▶ _EXERCISE_:
Please repeat the records exactly, keeping the pictures out.

..........

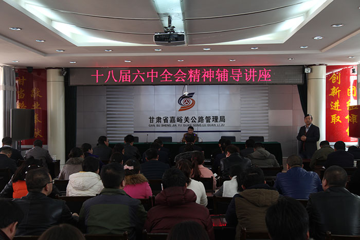 會后,聘請嘉峪關(guān)市委講師團(tuán)陳玉忠講師對黨的十八屆六中全會精神進(jìn)行了專題輔導(dǎo),陳玉忠團(tuán)長緊緊圍繞十八屆六中全會精神這一主題,從六中全會對全面從嚴(yán)治黨的新貢獻(xiàn)、新形勢下繼續(xù)推進(jìn)從嚴(yán)治黨的必要性以及嚴(yán)肅黨內(nèi)政治生活、強(qiáng)化黨內(nèi)監(jiān)督的具體舉措和重要部署三方面做了專題輔導(dǎo),全面解讀了十八屆六中全會的新思想、新觀點(diǎn)、新要求。同時陳團(tuán)長又引經(jīng)據(jù)典、旁征博引,對違反《準(zhǔn)則》、《條例》的典型案例做了深入剖析,講解內(nèi)容全面細(xì)致、深入淺出。此次專題講座要求,全局上下要充分利用冬訓(xùn)有利時機(jī),將六中全會精神作為當(dāng)前的一項重要學(xué)習(xí)任務(wù),抓緊抓實(shí),不斷掀起學(xué)習(xí)熱潮。
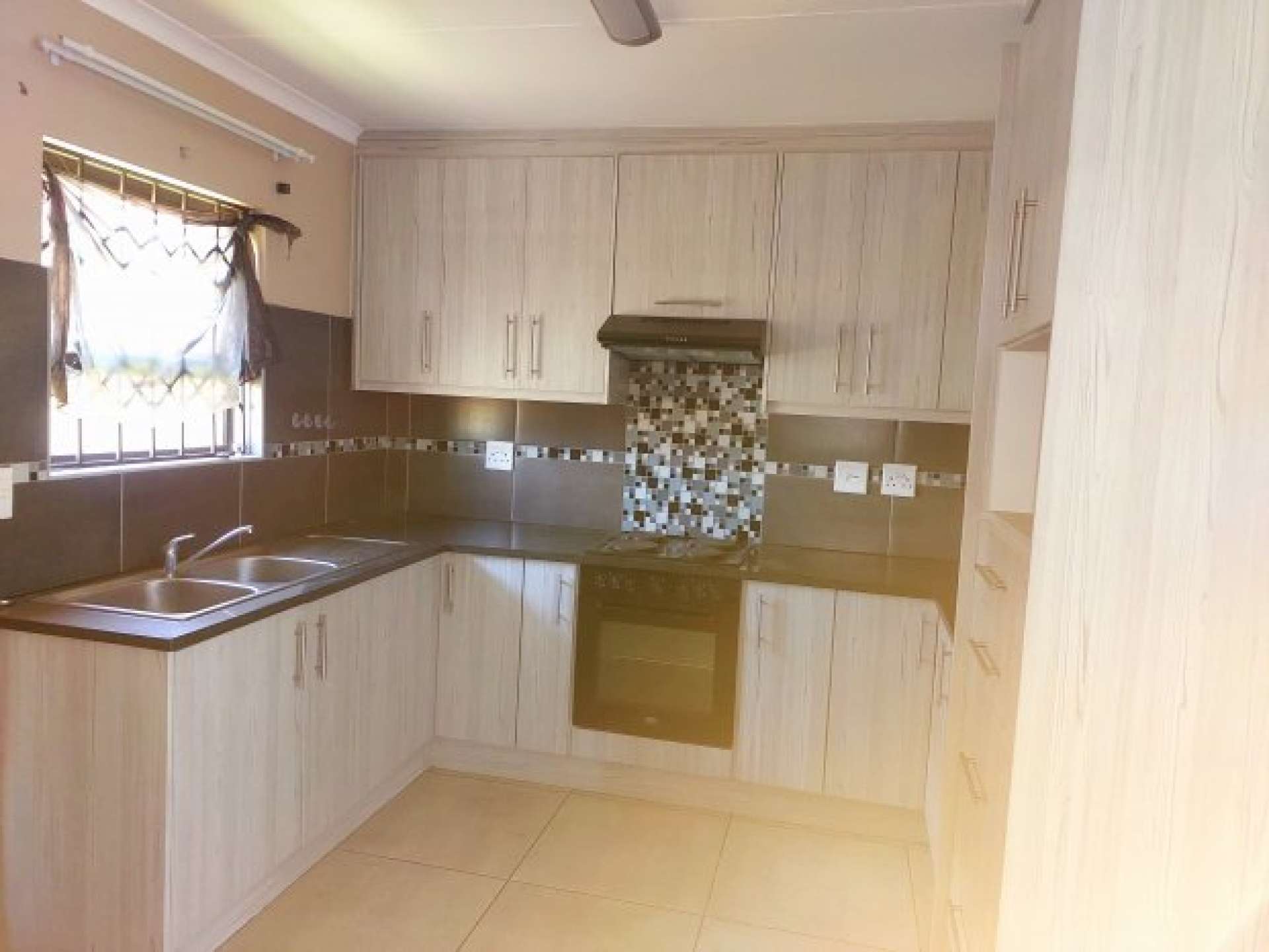 - Beautiful kitchen with ample built-in cupboards, stove, hob, and oven
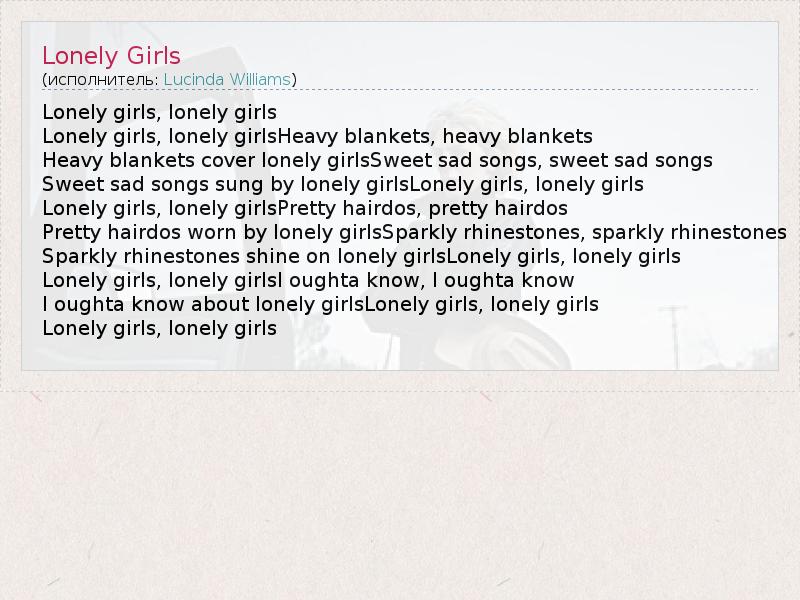 А как ты думаешь, о чем песня "Lonely Girls" ?
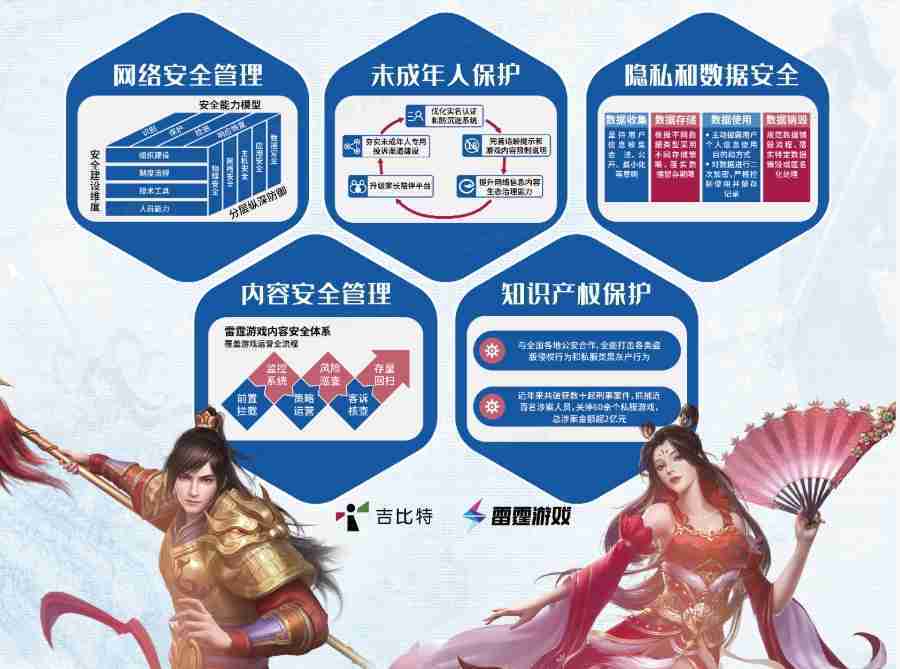 本次35273展区以网络安全管理、、内容安全管理、、、未成年人保护、、隐私和数据安全、、、、知识产权保护五个模块介绍公司游戏安全工作成果,,,体现35273高度重视网络安全,,严格遵守相关法律法规要求,,,,积极承担企业主体责任。。。
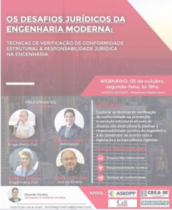 Webinário hoje, 05/10, às 19h Os desafios jurídicos da engenharia moderna Este é o tema do
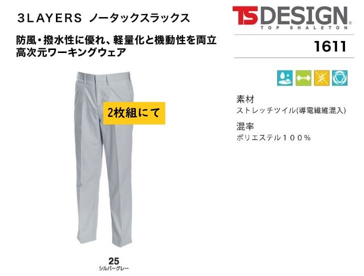 ビックイナバ特価◆TSDESIGN 1611≪秋冬≫3LAYERSノータックスラックス【25シルバーグレー・W96cm】定価1枚8250円の品、2枚即決2980円
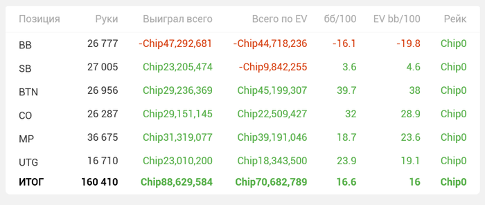 Ласт месяц по винрейтам. На SB, по сути, дефолтный винрейт. Даже стал лучше. Нужно на BB немного концентрации и будет вообще топчик.
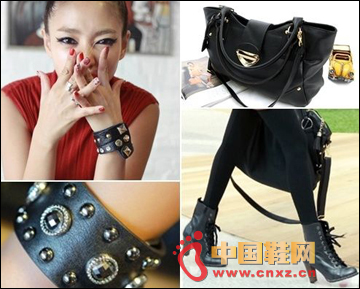 混搭鉚釘或鑲鉆的皮革手鏈、項鏈呈現華麗感,或者利用短靴凸顯懷舊感也是個很好的方法。喜歡OL辦公裝或正裝的人士還可以用黑色皮包增添酷感。
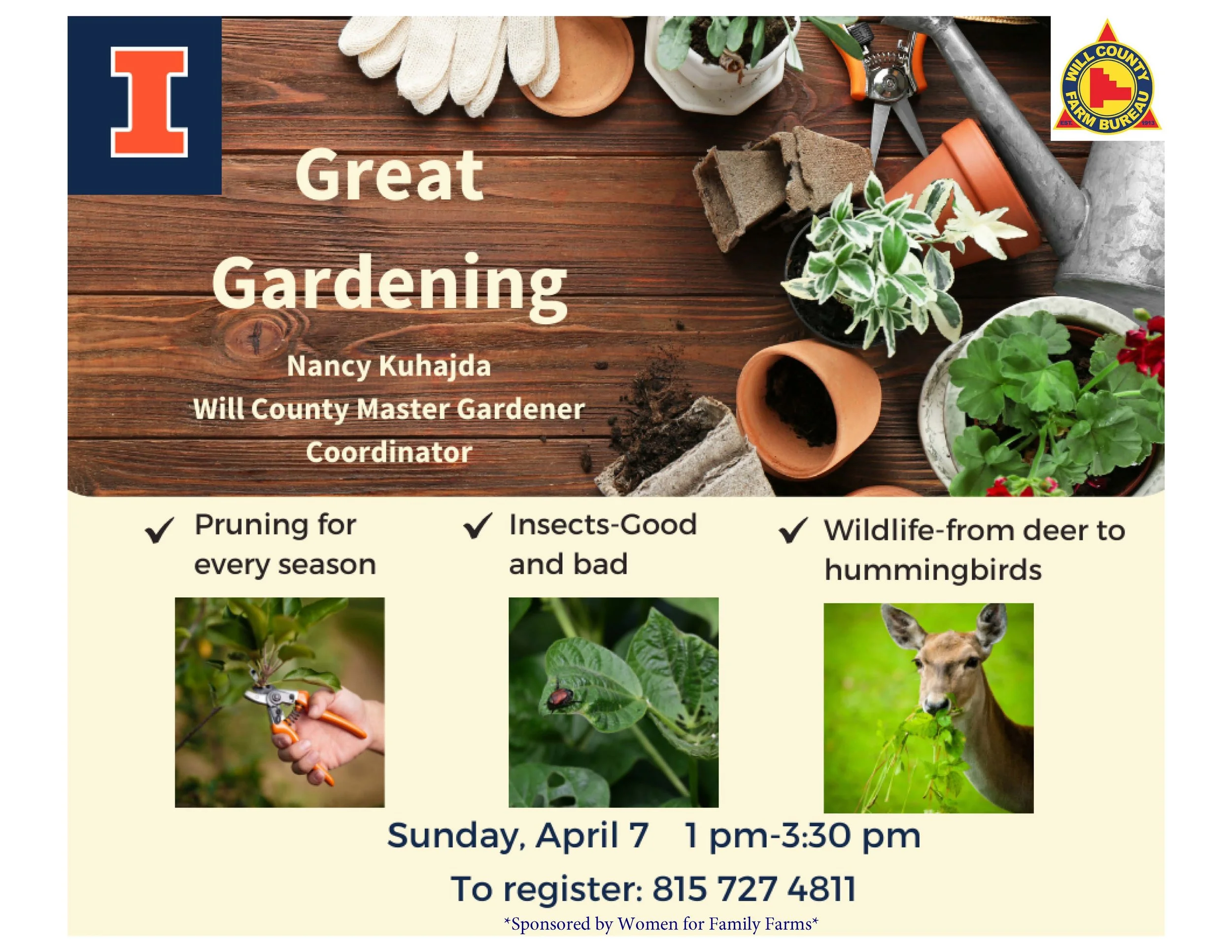 'Great Gardening' with Nancy Kuhajda sponsored by WFFF - MUST REGISTER 815-727-4811 Sunday, April 7, 2024 1:00 PM 3:00 PM Will County Farm Bureau 100 Manhattan Road Joliet, IL, 60433 United States (map) Google Calendar ICS
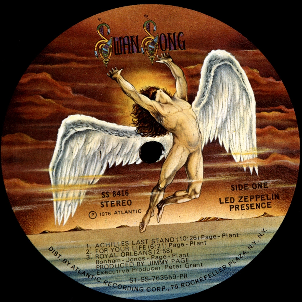 LED ZEPPELIN-PRESENCE-1976-FIRST PRESS USA-SWAN SONG number SS8416. A rare American original of the cult album. Presence is the seventh studio album by the English rock band Led Zeppelin, released by Swan Song Records on March 31, 1976. While the album was a commercial success, reaching the top of both the UK and US album charts and receiving triple platinum certification in the United States, it received mixed reviews from critics and was the band's best-selling studio album while they were still active.
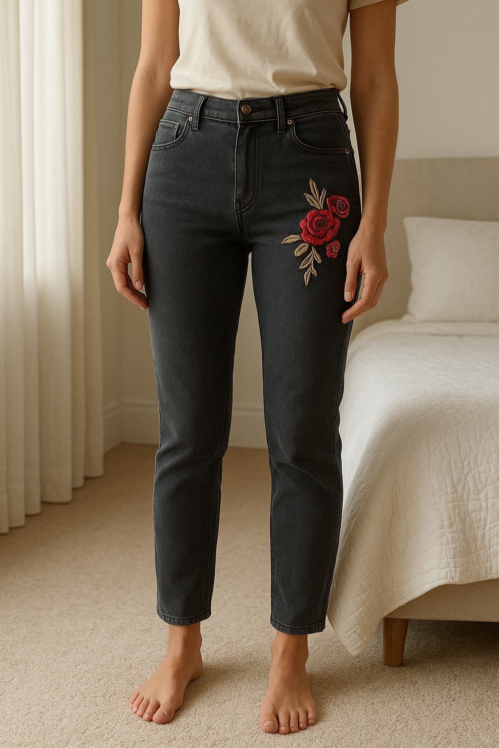 Jeans /marque Camaïeu /taille 42 debout, face à la caméra, dans une chambre à la lumière douce, avec une lumière naturelle filtrant par la fenêtre.
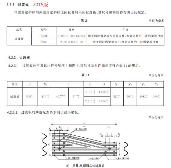 c) 更改了三波形梁板用途、型號和規格(見4.3.1,2015年版的3.3.1);
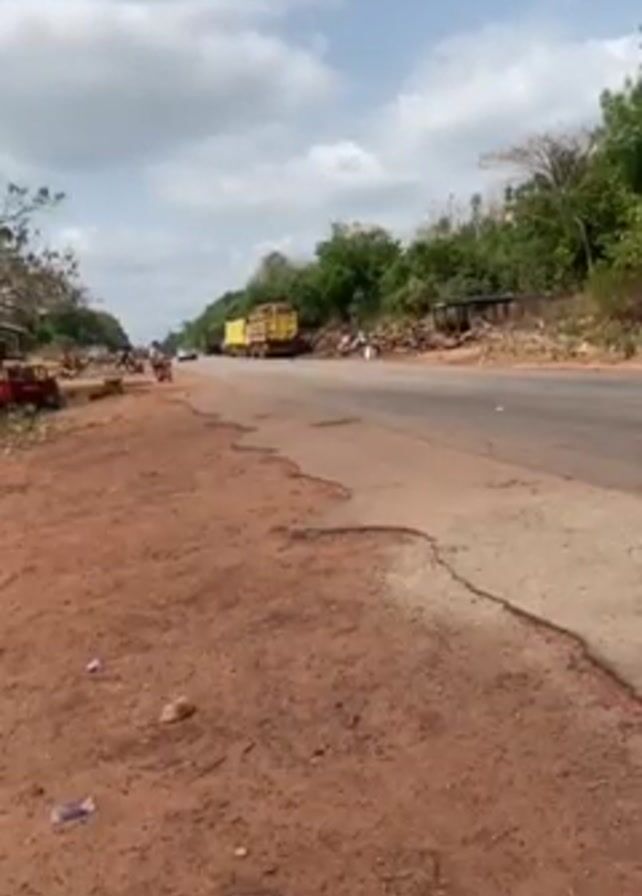 roadside scene under a partly cloudy sky. The foreground features a dirt road bordering a paved road. On the paved road, vehicles, including a silver SUV and yellow trucks, are visible. The SUV is moving towards the camera. A motorcyclist is visible on the opposite side of the road. Trees and other vegetation line the roadside and background.

..........

▶ _THE ANSWER_:
 會后,聘請嘉峪關(guān)市委講師團(tuán)陳玉忠講師對黨的十八屆六中全會精神進(jìn)行了專題輔導(dǎo),陳玉忠團(tuán)長緊緊圍繞十八屆六中全會精神這一主題,從六中全會對全面從嚴(yán)治黨的新貢獻(xiàn)、新形勢下繼續(xù)推進(jìn)從嚴(yán)治黨的必要性以及嚴(yán)肅黨內(nèi)政治生活、強(qiáng)化黨內(nèi)監(jiān)督的具體舉措和重要部署三方面做了專題輔導(dǎo),全面解讀了十八屆六中全會的新思想、新觀點(diǎn)、新要求。同時陳團(tuán)長又引經(jīng)據(jù)典、旁征博引,對違反《準(zhǔn)則》、《條例》的典型案例做了深入剖析,講解內(nèi)容全面細(xì)致、深入淺出。此次專題講座要求,全局上下要充分利用冬訓(xùn)有利時機(jī),將六中全會精神作為當(dāng)前的一項重要學(xué)習(xí)任務(wù),抓緊抓實(shí),不斷掀起學(xué)習(xí)熱潮。
 - Beautiful kitchen with ample built-in cupboards, stove, hob, and oven
 А как ты думаешь, о чем песня "Lonely Girls" ?
 本次35273展区以网络安全管理、、内容安全管理、、、未成年人保护、、隐私和数据安全、、、、知识产权保护五个模块介绍公司游戏安全工作成果,,,体现35273高度重视网络安全,,严格遵守相关法律法规要求,,,,积极承担企业主体责任。。。
 Webinário hoje, 05/10, às 19h Os desafios jurídicos da engenharia moderna Este é o tema do
 ビックイナバ特価◆TSDESIGN 1611≪秋冬≫3LAYERSノータックスラックス【25シルバーグレー・W96cm】定価1枚8250円の品、2枚即決2980円
 Ласт месяц по винрейтам. На SB, по сути, дефолтный винрейт. Даже стал лучше. Нужно на BB немного концентрации и будет вообще топчик.
 混搭鉚釘或鑲鉆的皮革手鏈、項鏈呈現華麗感,或者利用短靴凸顯懷舊感也是個很好的方法。喜歡OL辦公裝或正裝的人士還可以用黑色皮包增添酷感。
 'Great Gardening' with Nancy Kuhajda sponsored by WFFF - MUST REGISTER 815-727-4811 Sunday, April 7, 2024 1:00 PM 3:00 PM Will County Farm Bureau 100 Manhattan Road Joliet, IL, 60433 United States (map) Google Calendar ICS
 LED ZEPPELIN-PRESENCE-1976-FIRST PRESS USA-SWAN SONG number SS8416. A rare American original of the cult album. Presence is the seventh studio album by the English rock band Led Zeppelin, released by Swan Song Records on March 31, 1976. While the album was a commercial success, reaching the top of both the UK and US album charts and receiving triple platinum certification in the United States, it received mixed reviews from critics and was the band's best-selling studio album while they were still active.
 Jeans /marque Camaïeu /taille 42 debout, face à la caméra, dans une chambre à la lumière douce, avec une lumière naturelle filtrant par la fenêtre.
 c) 更改了三波形梁板用途、型號和規格(見4.3.1,2015年版的3.3.1);
 roadside scene under a partly cloudy sky. The foreground features a dirt road bordering a paved road. On the paved road, vehicles, including a silver SUV and yellow trucks, are visible. The SUV is moving towards the camera. A motorcyclist is visible on the opposite side of the road. Trees and other vegetation line the roadside and background.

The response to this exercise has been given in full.